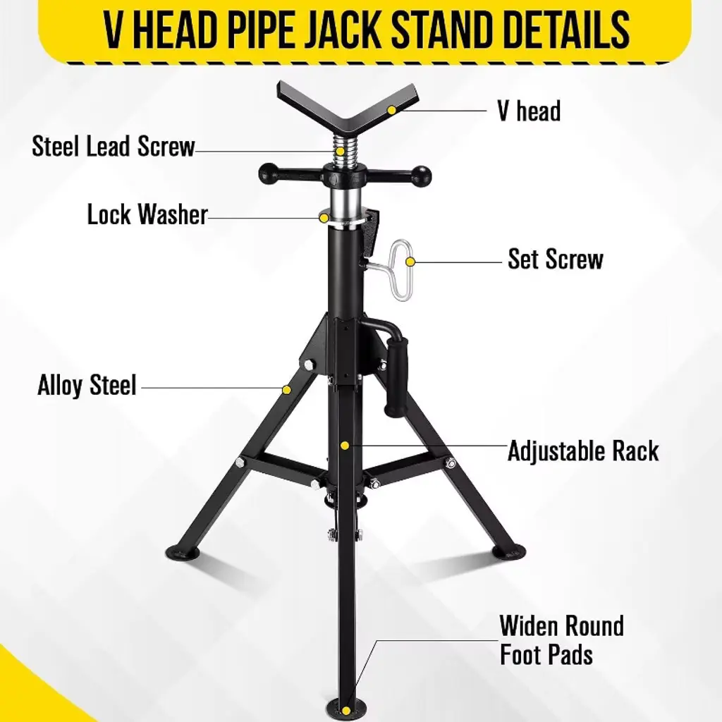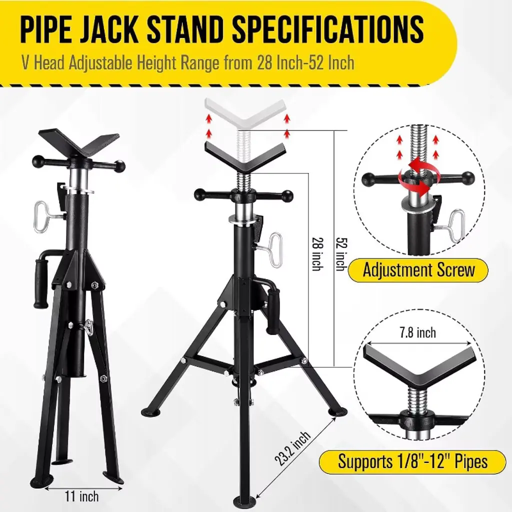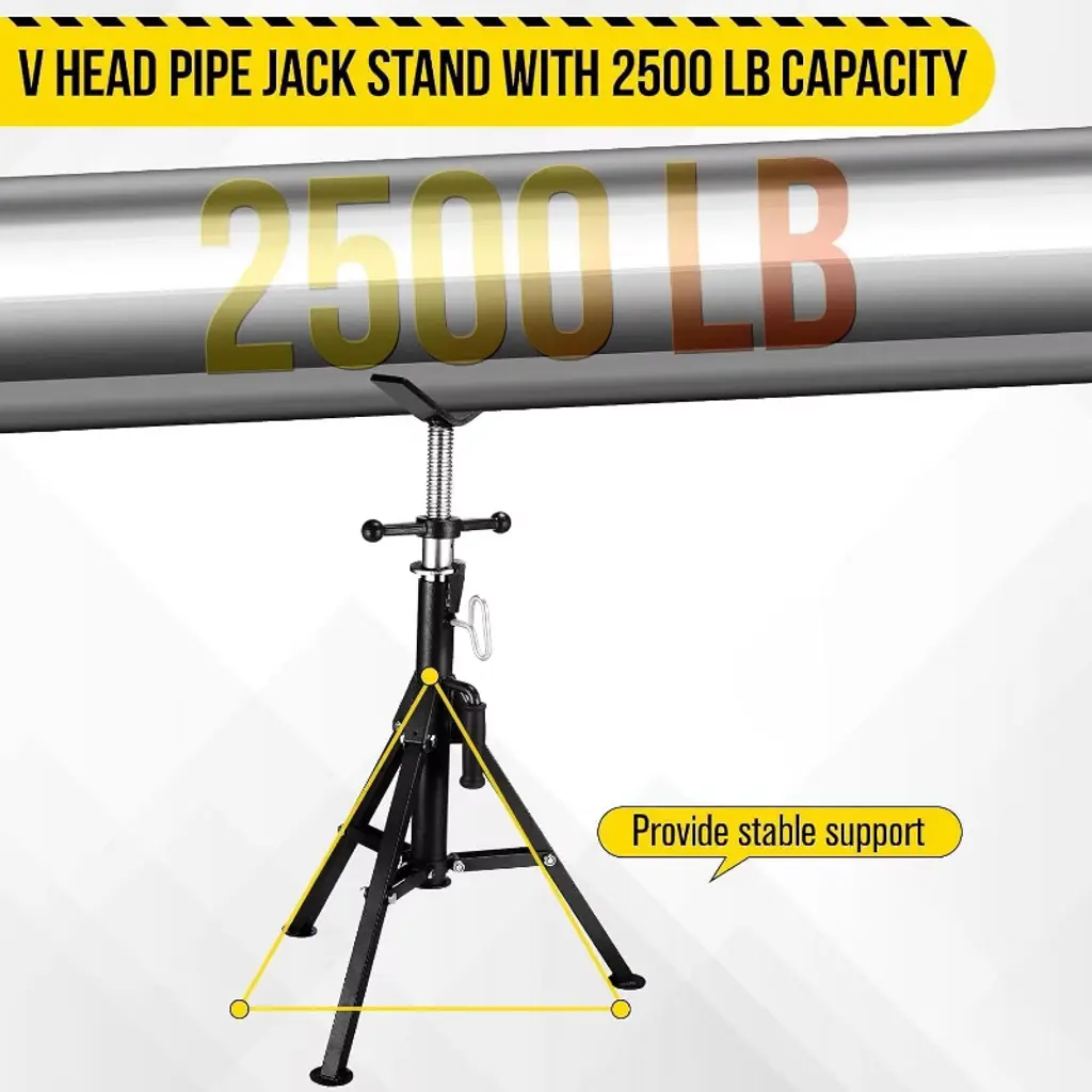Acekool Heavy-Duty V-Frame Jack Stand brings strong support and flexibility to your workshop or job site. It handles up to 2500 pounds, keeping pipes, axles, and other structural parts safe and secure during repair, welding, and construction tasks. The height adjusts from 28 to 52 inches with a two-step process so you can quickly set the right position for many types of jobs. Non-slip feet and a triple-braced triangular base provide steady placement on both smooth and rough surfaces, minimizing risky movement. After use, the stand folds down to a slim shape for easier storage and transport, with a comfortable handle that helps you carry it wherever needed. Steel construction and a protective finish support reliability on busy sites or in your garage. Specifications: 2.5 ton/2500LB capacity, 28–52in adjustable height, foldable base, steel frame, non-slip feet, ergonomic grip, black color. Fits shop equipment and lift jack needs for auto, fabrication, and construction.
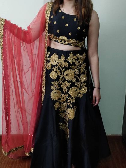 - Classic black-gold lehenga with a pop of red dupatta
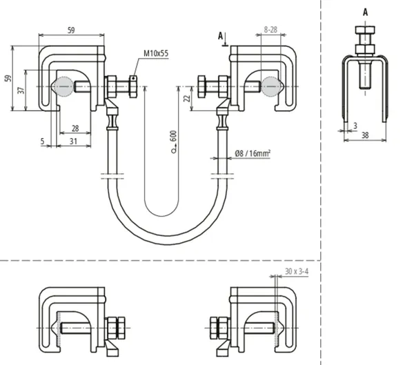Klemmeområde Fl forbindelsesklemme 30 x 3-4 mm
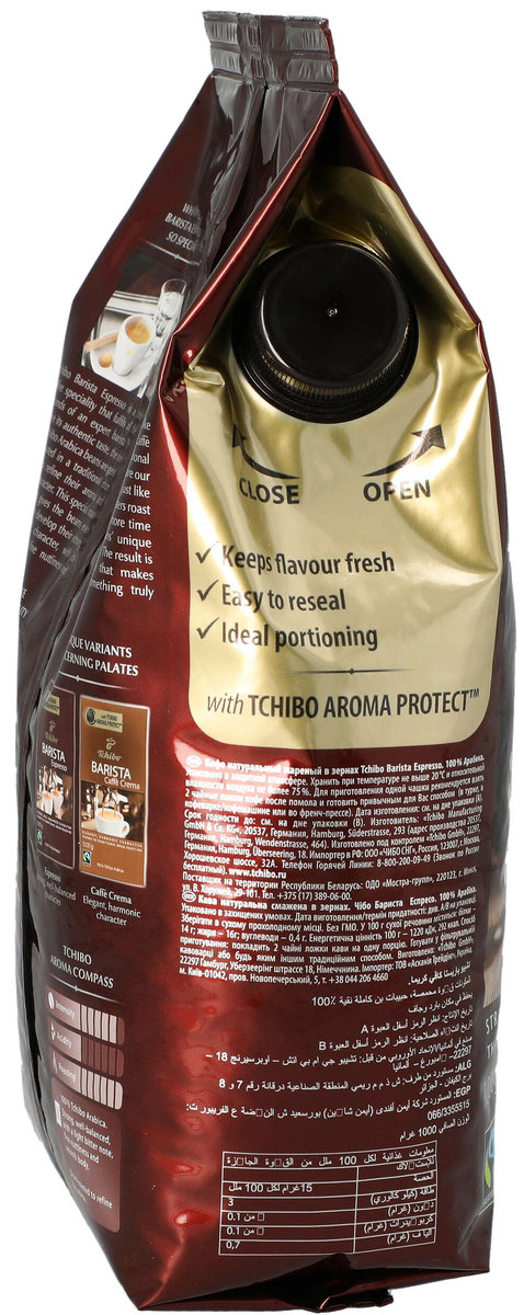 Espresso Barista składa się w 100% z ziaren Tchibo Arabica. Jest to najlepszy gatunek kawy, który wyróżnia się wyrazistym smakiem oraz brakiem kwasowości. Tradycyjne, znane od dziesięcioleci metody palenia pozwalają wydobyć z kawy pełnię aromatu. Polegają one na powolnym obracaniu ziaren na bębnowych maszynach prażalniczych.
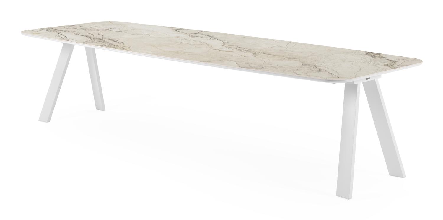 De Cesano tuintafel bootvorm in wit aluminium en volkeramiek colorado dunes – L 315 x B 115 x H 73 cm is van het merk Bristolà la carte en is hier verkrijgbaar in de kleur wit/beige.
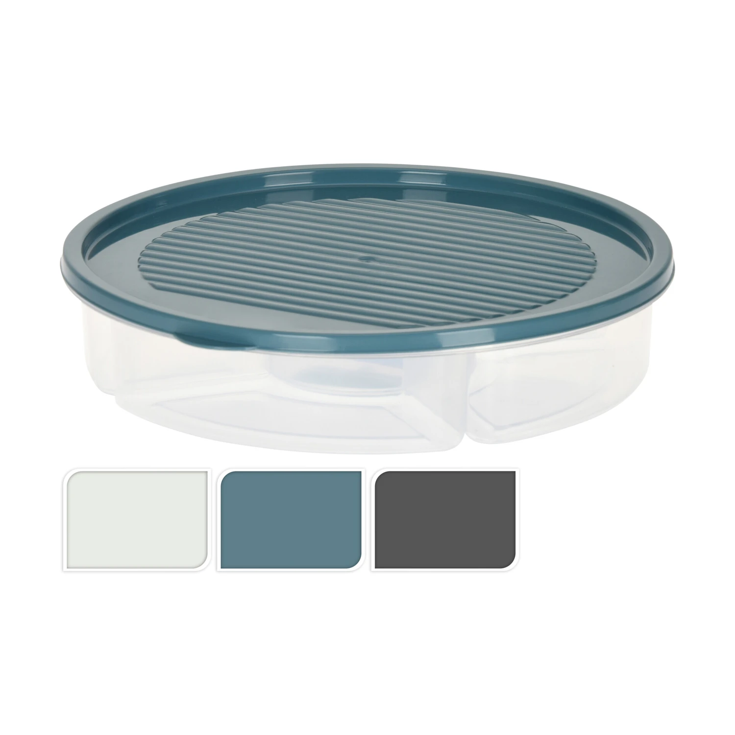 Berg etenswaren gemakkelijk op in deze voorraaddoos. De voorraaddoos heeft een inhoud van 2 liter en heeft een vakverdeling en een deksel. Er zijn 3 verschillende kleuren beschikbaar.
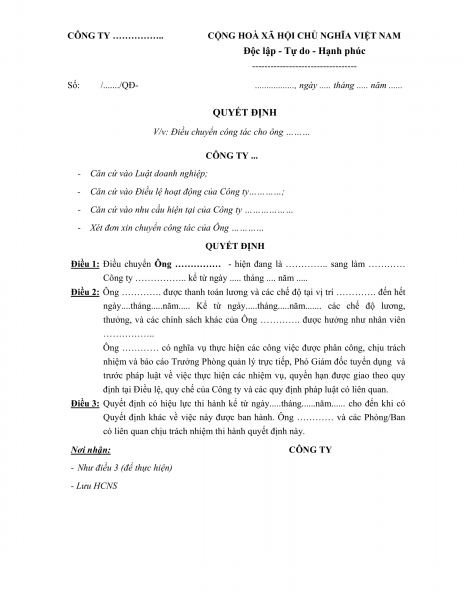 Điều chuyển công tác là một việc tuy xảy ra ít thường xuyên nhưng không tránh khỏi của doanh nghiệp trong quá trình hoạt động.

· · · · · · ·

▶ **EXERCISE PROMPT**: Although the entries contain pictures, copy everything else in them exactly.

▶ **ANSWER TO THIS PROBLEM**:
Acekool Heavy-Duty V-Frame Jack Stand brings strong support and flexibility to your workshop or job site. It handles up to 2500 pounds, keeping pipes, axles, and other structural parts safe and secure during repair, welding, and construction tasks. The height adjusts from 28 to 52 inches with a two-step process so you can quickly set the right position for many types of jobs. Non-slip feet and a triple-braced triangular base provide steady placement on both smooth and rough surfaces, minimizing risky movement. After use, the stand folds down to a slim shape for easier storage and transport, with a comfortable handle that helps you carry it wherever needed. Steel construction and a protective finish support reliability on busy sites or in your garage. Specifications: 2.5 ton/2500LB capacity, 28–52in adjustable height, foldable base, steel frame, non-slip feet, ergonomic grip, black color. Fits shop equipment and lift jack needs for auto, fabrication, and construction.
 - Classic black-gold lehenga with a pop of red dupatta
Klemmeområde Fl forbindelsesklemme 30 x 3-4 mm
 Espresso Barista składa się w 100% z ziaren Tchibo Arabica. Jest to najlepszy gatunek kawy, który wyróżnia się wyrazistym smakiem oraz brakiem kwasowości. Tradycyjne, znane od dziesięcioleci metody palenia pozwalają wydobyć z kawy pełnię aromatu. Polegają one na powolnym obracaniu ziaren na bębnowych maszynach prażalniczych.
 De Cesano tuintafel bootvorm in wit aluminium en volkeramiek colorado dunes – L 315 x B 115 x H 73 cm is van het merk Bristolà la carte en is hier verkrijgbaar in de kleur wit/beige.
 Berg etenswaren gemakkelijk op in deze voorraaddoos. De voorraaddoos heeft een inhoud van 2 liter en heeft een vakverdeling en een deksel. Er zijn 3 verschillende kleuren beschikbaar.
 Điều chuyển công tác là một việc tuy xảy ra ít thường xuyên nhưng không tránh khỏi của doanh nghiệp trong quá trình hoạt động.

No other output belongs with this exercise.